_DATA FOR ANALYSIS:_
Content starts

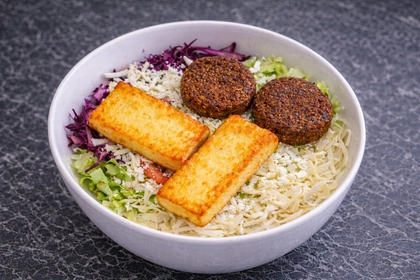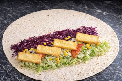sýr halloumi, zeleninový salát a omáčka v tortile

Content ends
Content starts

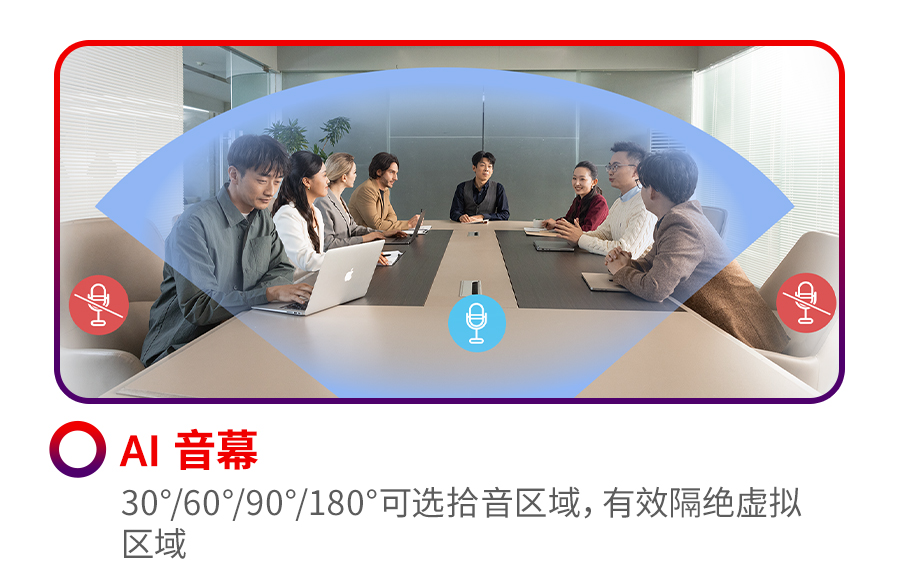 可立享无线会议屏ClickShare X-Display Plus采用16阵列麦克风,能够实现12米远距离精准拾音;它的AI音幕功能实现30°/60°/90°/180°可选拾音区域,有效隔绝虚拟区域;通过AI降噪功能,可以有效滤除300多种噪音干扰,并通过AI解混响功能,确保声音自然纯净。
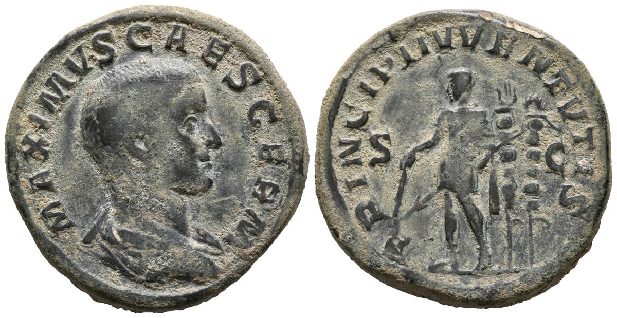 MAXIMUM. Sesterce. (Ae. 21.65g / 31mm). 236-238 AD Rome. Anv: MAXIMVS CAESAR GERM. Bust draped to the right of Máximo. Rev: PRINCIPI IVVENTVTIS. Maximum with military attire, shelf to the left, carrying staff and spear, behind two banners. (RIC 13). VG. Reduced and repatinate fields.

Content ends
Content starts

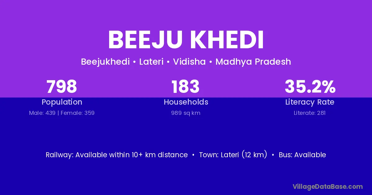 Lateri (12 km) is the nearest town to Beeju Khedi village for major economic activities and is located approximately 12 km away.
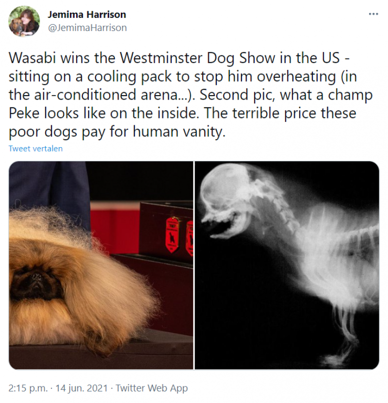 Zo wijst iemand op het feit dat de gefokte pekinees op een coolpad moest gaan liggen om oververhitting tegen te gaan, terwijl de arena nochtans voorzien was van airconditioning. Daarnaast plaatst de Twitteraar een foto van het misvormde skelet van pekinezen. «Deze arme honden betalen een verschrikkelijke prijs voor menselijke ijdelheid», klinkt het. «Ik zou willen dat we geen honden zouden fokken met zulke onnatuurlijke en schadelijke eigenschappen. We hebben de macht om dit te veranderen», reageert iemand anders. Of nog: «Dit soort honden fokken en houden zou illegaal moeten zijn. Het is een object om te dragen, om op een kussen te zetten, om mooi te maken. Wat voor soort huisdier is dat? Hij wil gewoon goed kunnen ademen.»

Content ends

_WHAT YOU NEED TO DO:_ Beginning with the line above that contains "Lateri (12 km)" and finishing with the line that contains "Zo wijst iemand", print those lines exactly and only. Skip all pictures.

_EXPECTED ANSWER:_
 Lateri (12 km) is the nearest town to Beeju Khedi village for major economic activities and is located approximately 12 km away.
 Zo wijst iemand op het feit dat de gefokte pekinees op een coolpad moest gaan liggen om oververhitting tegen te gaan, terwijl de arena nochtans voorzien was van airconditioning. Daarnaast plaatst de Twitteraar een foto van het misvormde skelet van pekinezen. «Deze arme honden betalen een verschrikkelijke prijs voor menselijke ijdelheid», klinkt het. «Ik zou willen dat we geen honden zouden fokken met zulke onnatuurlijke en schadelijke eigenschappen. We hebben de macht om dit te veranderen», reageert iemand anders. Of nog: «Dit soort honden fokken en houden zou illegaal moeten zijn. Het is een object om te dragen, om op een kussen te zetten, om mooi te maken. Wat voor soort huisdier is dat? Hij wil gewoon goed kunnen ademen.»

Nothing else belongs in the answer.